- _AIM OF THE TASK_: Beginning at the line that contains "NB0648WA420 55mmPlique-a-Jour GoldPlated.", reproduce the entries below exactly, ending with the line that contains "Bisa juga digunakan". Omit each picture.

- _EXERCISE MATERIALS_:
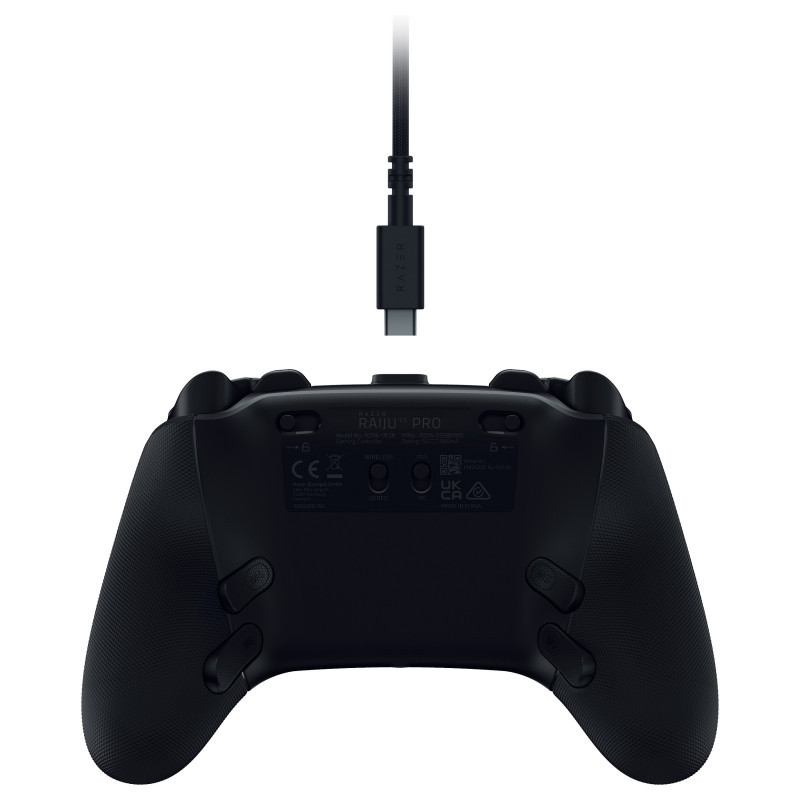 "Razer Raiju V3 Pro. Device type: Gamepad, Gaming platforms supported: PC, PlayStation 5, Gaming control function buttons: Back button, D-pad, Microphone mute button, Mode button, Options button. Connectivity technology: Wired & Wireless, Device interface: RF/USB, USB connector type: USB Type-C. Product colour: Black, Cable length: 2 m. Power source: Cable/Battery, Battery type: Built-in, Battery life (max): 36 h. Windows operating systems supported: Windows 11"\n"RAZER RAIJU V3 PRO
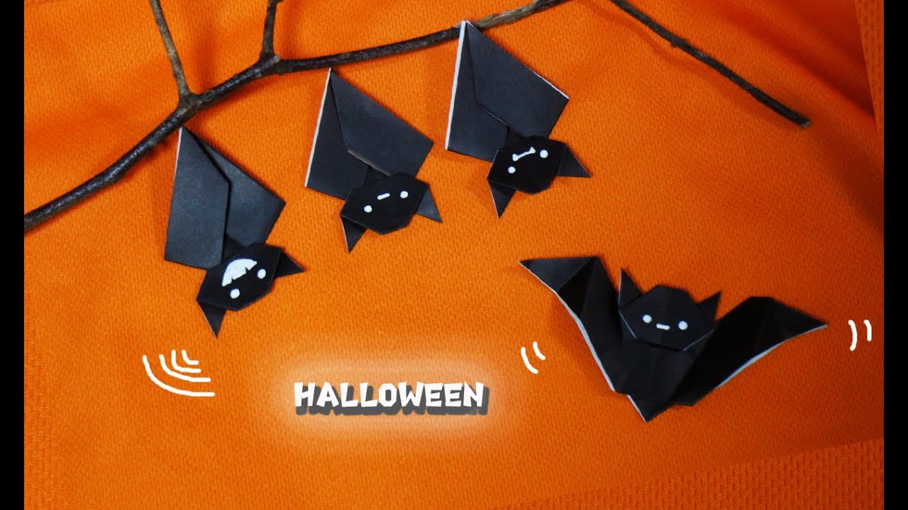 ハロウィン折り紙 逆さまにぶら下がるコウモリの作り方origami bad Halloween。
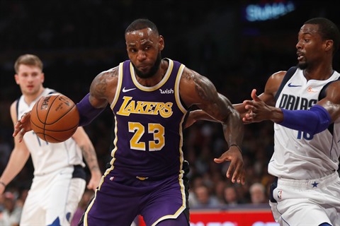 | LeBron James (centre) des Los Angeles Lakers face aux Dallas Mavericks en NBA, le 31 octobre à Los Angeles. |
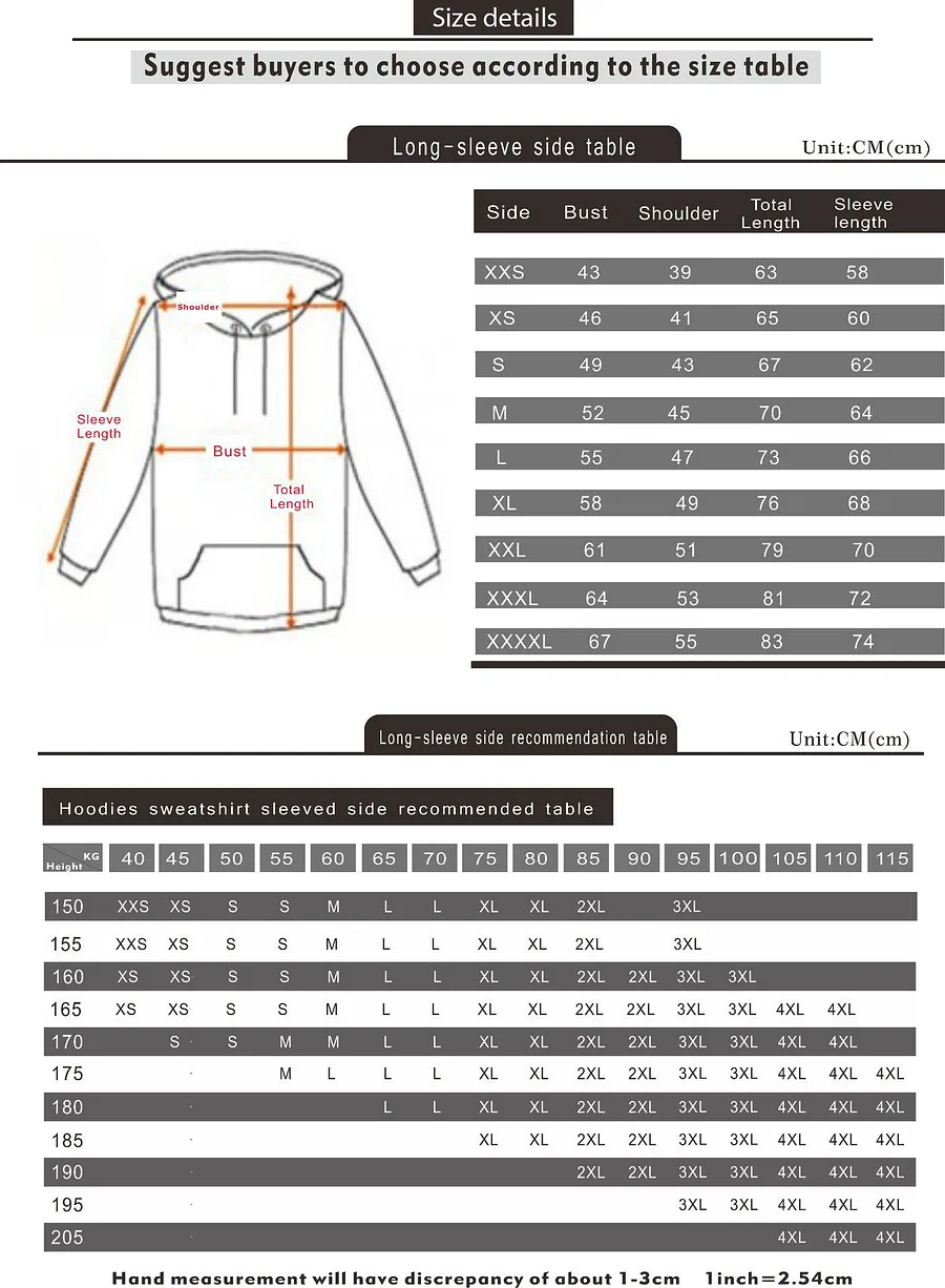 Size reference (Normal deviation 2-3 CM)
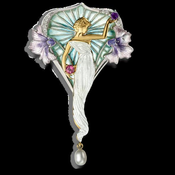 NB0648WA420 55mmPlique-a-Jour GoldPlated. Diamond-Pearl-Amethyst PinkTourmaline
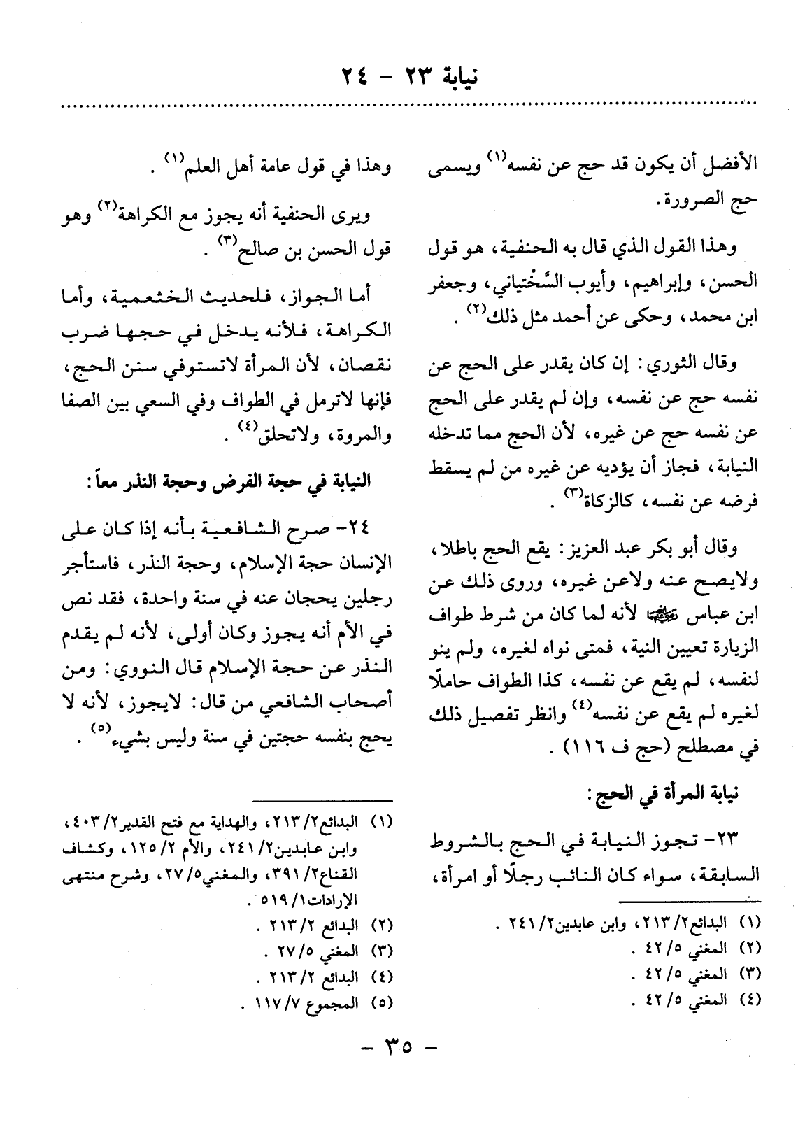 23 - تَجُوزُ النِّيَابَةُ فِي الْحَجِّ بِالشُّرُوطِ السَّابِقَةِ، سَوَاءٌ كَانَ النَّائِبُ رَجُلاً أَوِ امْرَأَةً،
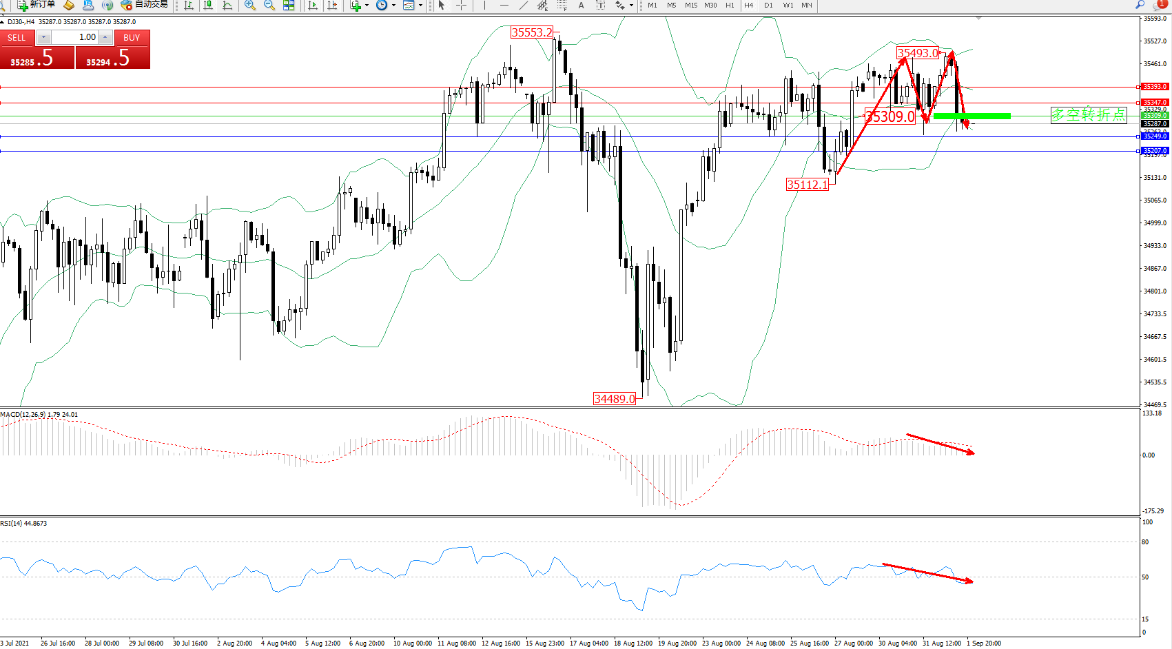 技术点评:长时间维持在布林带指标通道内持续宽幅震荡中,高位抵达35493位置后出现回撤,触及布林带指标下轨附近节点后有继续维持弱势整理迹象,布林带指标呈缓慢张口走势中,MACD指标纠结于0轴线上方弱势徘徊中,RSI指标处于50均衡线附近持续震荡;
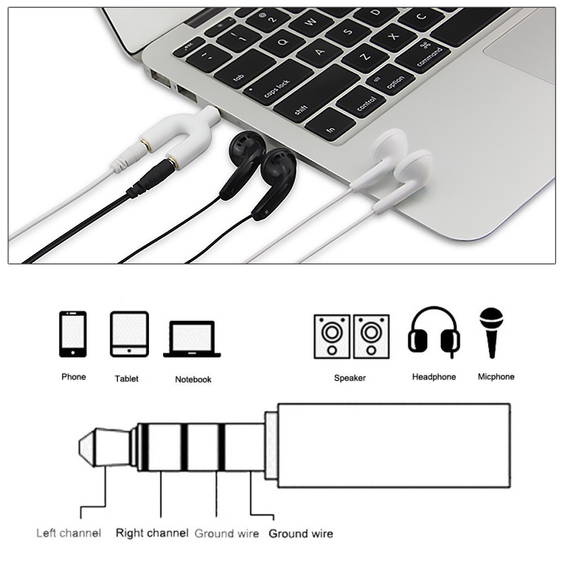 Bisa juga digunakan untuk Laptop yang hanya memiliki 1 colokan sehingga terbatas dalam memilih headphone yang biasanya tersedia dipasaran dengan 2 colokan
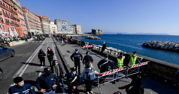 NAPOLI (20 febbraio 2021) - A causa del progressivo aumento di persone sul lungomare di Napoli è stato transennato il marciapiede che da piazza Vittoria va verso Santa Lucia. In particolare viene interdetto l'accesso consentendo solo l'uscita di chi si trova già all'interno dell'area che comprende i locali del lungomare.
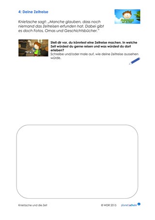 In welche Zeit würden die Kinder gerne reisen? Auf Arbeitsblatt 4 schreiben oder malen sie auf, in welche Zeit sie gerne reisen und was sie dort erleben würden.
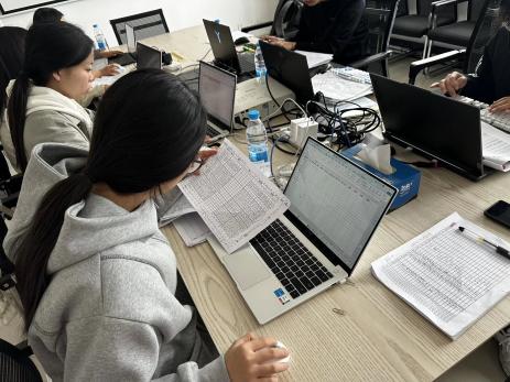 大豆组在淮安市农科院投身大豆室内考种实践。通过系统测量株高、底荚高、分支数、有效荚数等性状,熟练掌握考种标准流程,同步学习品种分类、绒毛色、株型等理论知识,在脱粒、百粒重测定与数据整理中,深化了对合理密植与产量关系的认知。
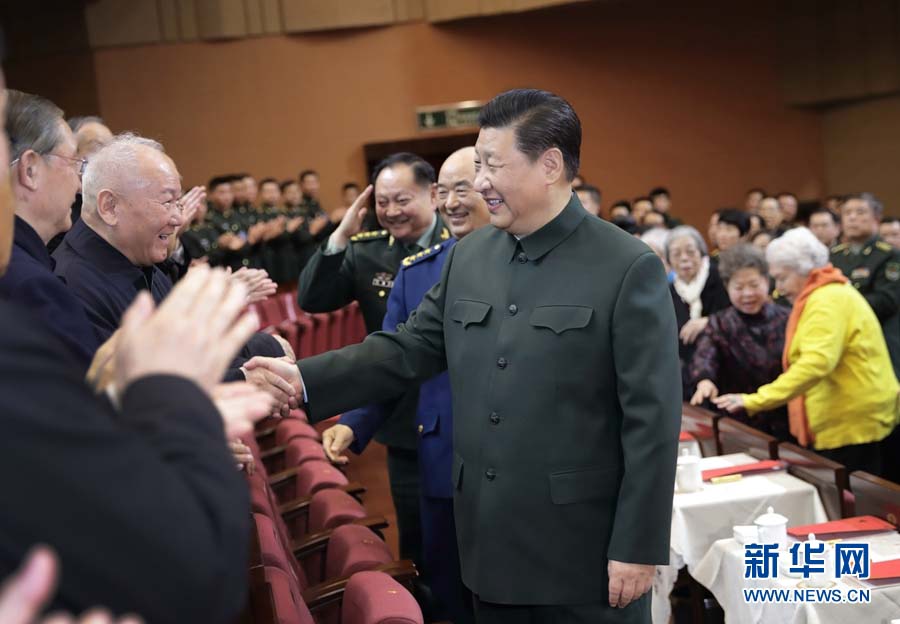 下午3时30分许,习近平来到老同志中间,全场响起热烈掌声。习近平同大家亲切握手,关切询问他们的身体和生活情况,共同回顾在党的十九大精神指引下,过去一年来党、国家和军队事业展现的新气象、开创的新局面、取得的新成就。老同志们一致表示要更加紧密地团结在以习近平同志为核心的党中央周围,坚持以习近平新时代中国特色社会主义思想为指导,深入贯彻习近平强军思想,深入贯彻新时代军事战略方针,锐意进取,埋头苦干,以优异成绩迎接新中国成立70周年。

- _FINISHED EXERCISE_:
 NB0648WA420 55mmPlique-a-Jour GoldPlated. Diamond-Pearl-Amethyst PinkTourmaline
 23 - تَجُوزُ النِّيَابَةُ فِي الْحَجِّ بِالشُّرُوطِ السَّابِقَةِ، سَوَاءٌ كَانَ النَّائِبُ رَجُلاً أَوِ امْرَأَةً،
 技术点评:长时间维持在布林带指标通道内持续宽幅震荡中,高位抵达35493位置后出现回撤,触及布林带指标下轨附近节点后有继续维持弱势整理迹象,布林带指标呈缓慢张口走势中,MACD指标纠结于0轴线上方弱势徘徊中,RSI指标处于50均衡线附近持续震荡;
 Bisa juga digunakan untuk Laptop yang hanya memiliki 1 colokan sehingga terbatas dalam memilih headphone yang biasanya tersedia dipasaran dengan 2 colokan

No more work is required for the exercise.